From 8de21ab522d45618edb955f6a5ec1161d5a37c9d Mon Sep 17 00:00:00 2001
From: Mohsen Rezaei Estabragh <mohsen.rezaei.estabragh@cern.ch>
Date: Fri, 18 Sep 2020 09:26:48 +0200
Subject: [PATCH] implementing slope cut and adding a message to the exit
 message. removing some unnecessary codes

---
 Tools/PyJobTransforms/python/trfExe.py        |  56 +++--
 Tools/PyJobTransforms/python/trfReports.py    |   7 +-
 Tools/PyJobTransforms/python/trfUtils.py      | 212 +++++++++---------
 Tools/PyJobTransforms/python/trfValidation.py |  11 -
 4 files changed, 153 insertions(+), 133 deletions(-)

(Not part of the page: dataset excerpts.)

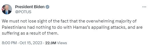 在外交方面,拜登团队对以色列24小时撤离的要求表示焦虑,欧盟和联合国称这一最后期限不切实际。周五,拜登表示,人们不应该“忽视绝大多数巴勒斯坦人与哈马斯无关的事实”,这是拜登周日早上在推特上发布的。
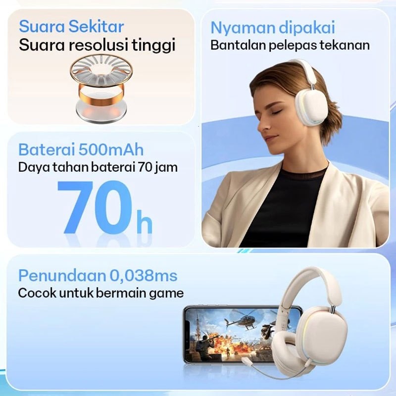 (TERMURAH) Headset Gaming Bluetooth 5.3 Wireless Headphone RGB Light With Noise Canceling Mic Earphone
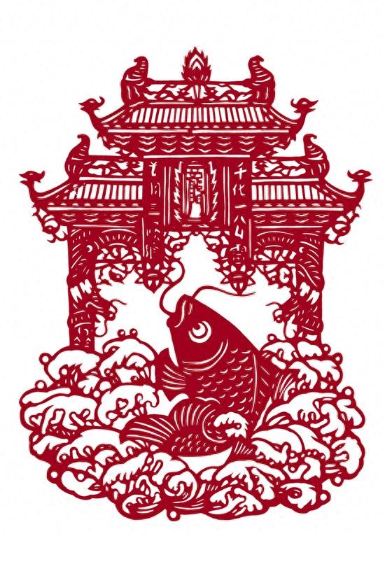 俗传鲤鱼跃龙门,跳过去则化为龙,跳不过去仍为鱼,而能跳过龙门的只有鲤鱼。“鲤鱼跳龙门”常用来比喻经过奋斗而改变地位,也指寒窗苦读有成或官场得意。
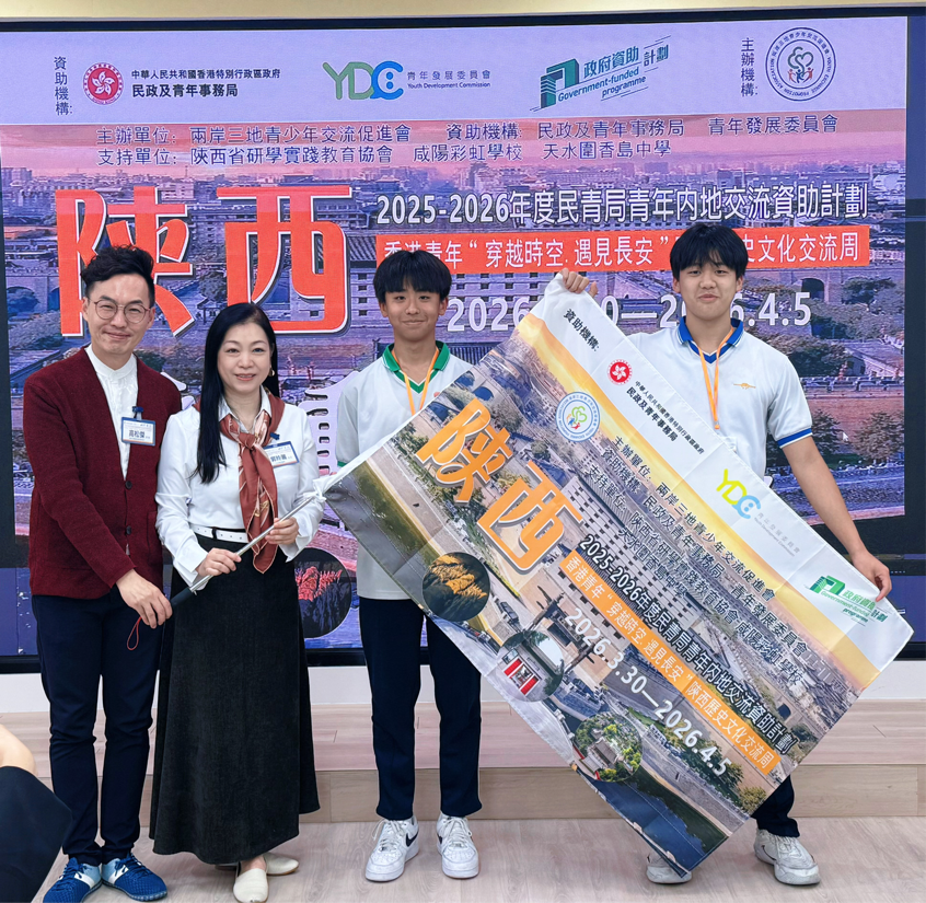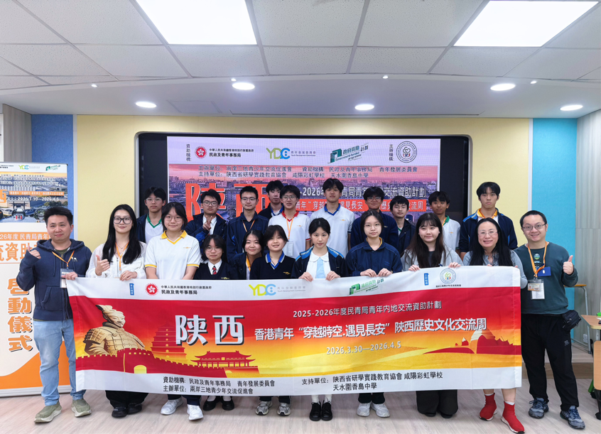 3月20日下午,由两岸三地青少年交流促进会主办,香港民政及青年事务局、青年发展委员会合办及资助的2025-26 年度「香港民青局青年内地交流资助计划」之“穿越时空·遇见长安”陕西历史文化交流周启动仪式,在香港天水围香岛中学举行。香港青年发展委员会委员高松杰、香港立法会前议员郭玲丽、油尖旺区议员李家轩、香岛中学特殊学习统筹主任李卓立及刘凯怡老师等嘉宾出席,与陕西交流团全体团员共同为此次文化探索之旅拉开序幕。
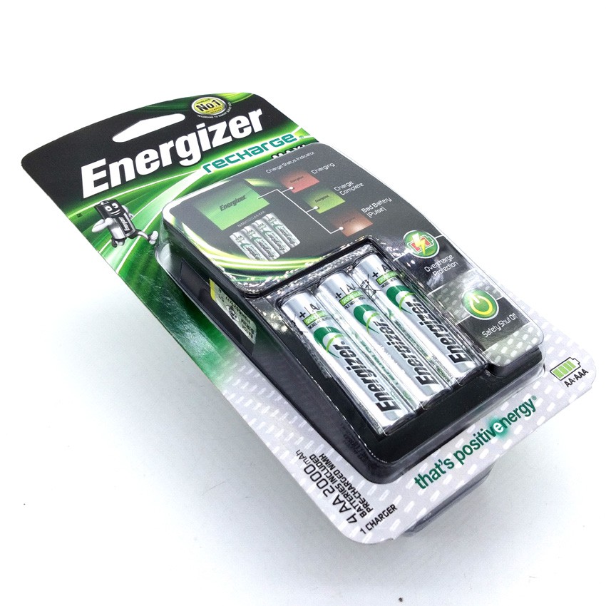 Official Energizer Recharge Base/Maxi/Pro Includes 4x AA | Rechargeable AA and AAA Batteries | Bateri 100% Original
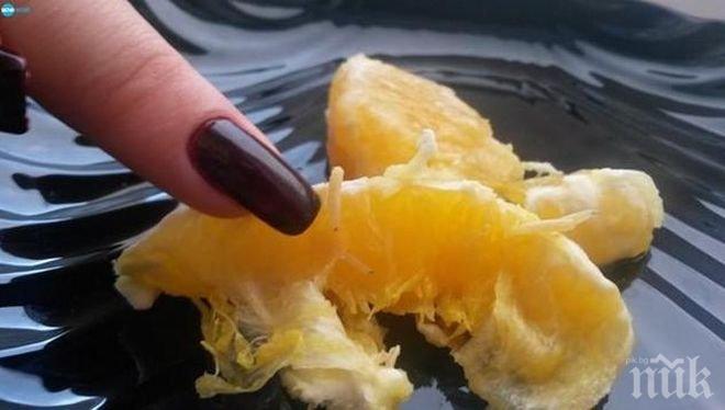 Тези портокали са за ракия, червеите са бонус - безплатно мезе, шегува се друг зрител. Ужасно, и аз купих такива портокали с червеи от голям магазин, добавя трети гражданин.
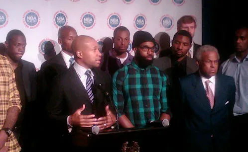 Puis, à 1h00 (heure française), après cinq heures de réunion, on a demandé à tous les journalistes de se réunir pour écouter Derek Fisher. Les joueurs étaient plutôt détendus (LeBron et Pierce notamment) derrière leur président qui s'est ensuite exprimé.
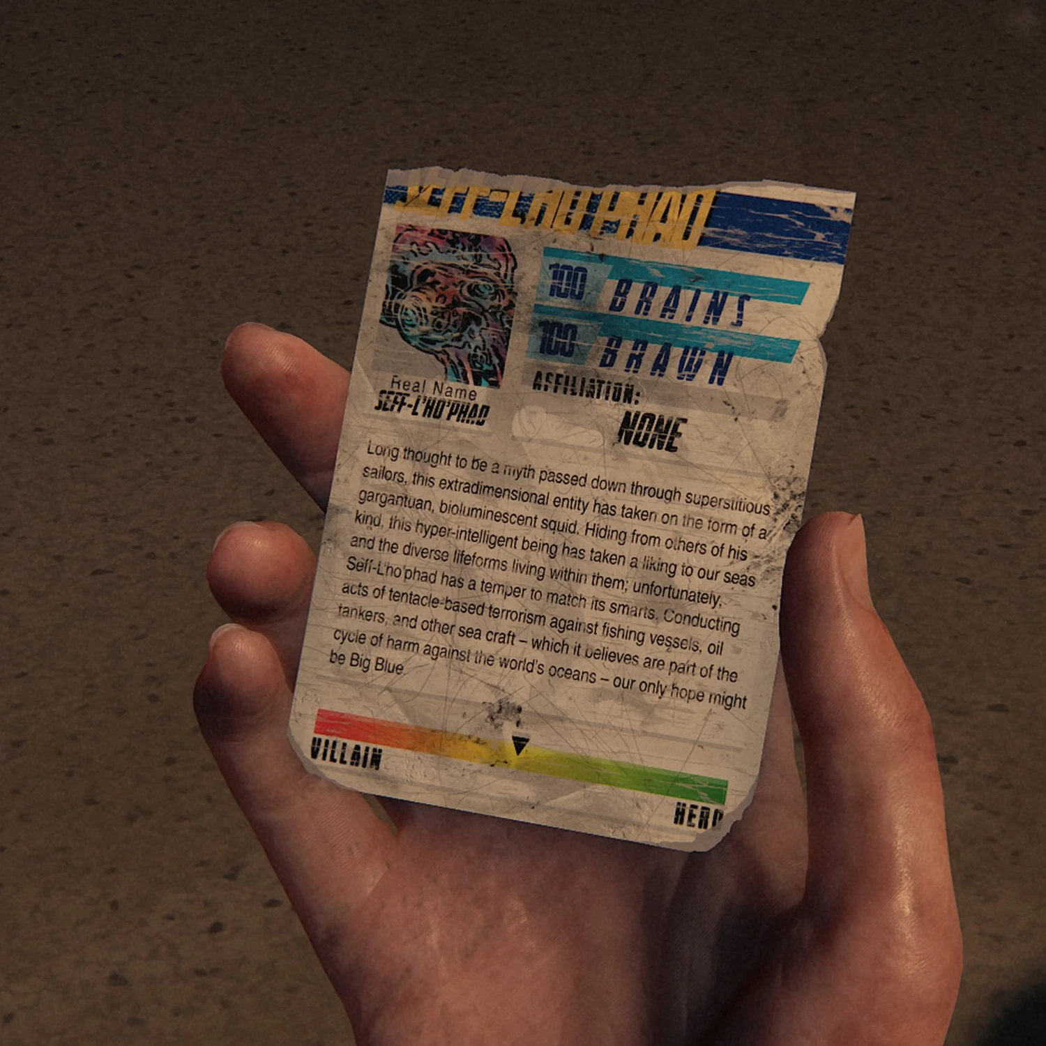 Seff-L'ho'phad is a collectible trading card that is found during the chapter "" in The Last of Us Part II.

diff --git a/Tools/PyJobTransforms/python/trfExe.py b/Tools/PyJobTransforms/python/trfExe.py
index da85d51ee490..58eeaf07c1ae 100755
--- a/Tools/PyJobTransforms/python/trfExe.py
+++ b/Tools/PyJobTransforms/python/trfExe.py
@@ -38,7 +38,7 @@ msg = logging.getLogger(__name__)
 
 from PyJobTransforms.trfJobOptions import JobOptionsTemplate
 from PyJobTransforms.trfUtils import asetupReport, unpackDBRelease, setupDBRelease, cvmfsDBReleaseCheck, forceToAlphaNum
-from PyJobTransforms.trfUtils import ValgrindCommand, isInteractiveEnv, calcCpuTime, calcWallTime, calcMemFull
+from PyJobTransforms.trfUtils import ValgrindCommand, isInteractiveEnv, calcCpuTime, calcWallTime, analytic
 from PyJobTransforms.trfExitCodes import trfExit
 from PyJobTransforms.trfLogger import stdLogLevels
 from PyJobTransforms.trfMPTools import detectAthenaMPProcs, athenaMPOutputHandler
@@ -183,6 +183,8 @@ class transformExecutor(object):
         self._exeStart = self._exeStop = None
         self._valStart = self._valStop = None
         self._memStats = {}
+        self._memLeakResult = {}
+        self._memFullFile = None
         self._eventCount = None
         self._athenaMP = None
         self._athenaMT = None
@@ -381,11 +383,8 @@ class transformExecutor(object):
         return self._memStats
 
     @property
-    def memFullEval(self):
-        if self._memFullFile:
-            return calcMemFull(self._memFullFile)
-        else:
-            return 'cant read full mem file'
+    def memAnalysis(self):
+        return self._memLeakResult
 
     @property
     def postExeCpuTime(self):
@@ -810,15 +809,6 @@ class scriptExecutor(transformExecutor):
         self._valStop = os.times()
         msg.debug('valStop time is {0}'.format(self._valStop))
 
-        ## check memory monitor results
-        # add information to the exit message if an excess has seen
-        fitResult = trfValidation.memoryMonitorReport().fitToMem(self._memFullFile)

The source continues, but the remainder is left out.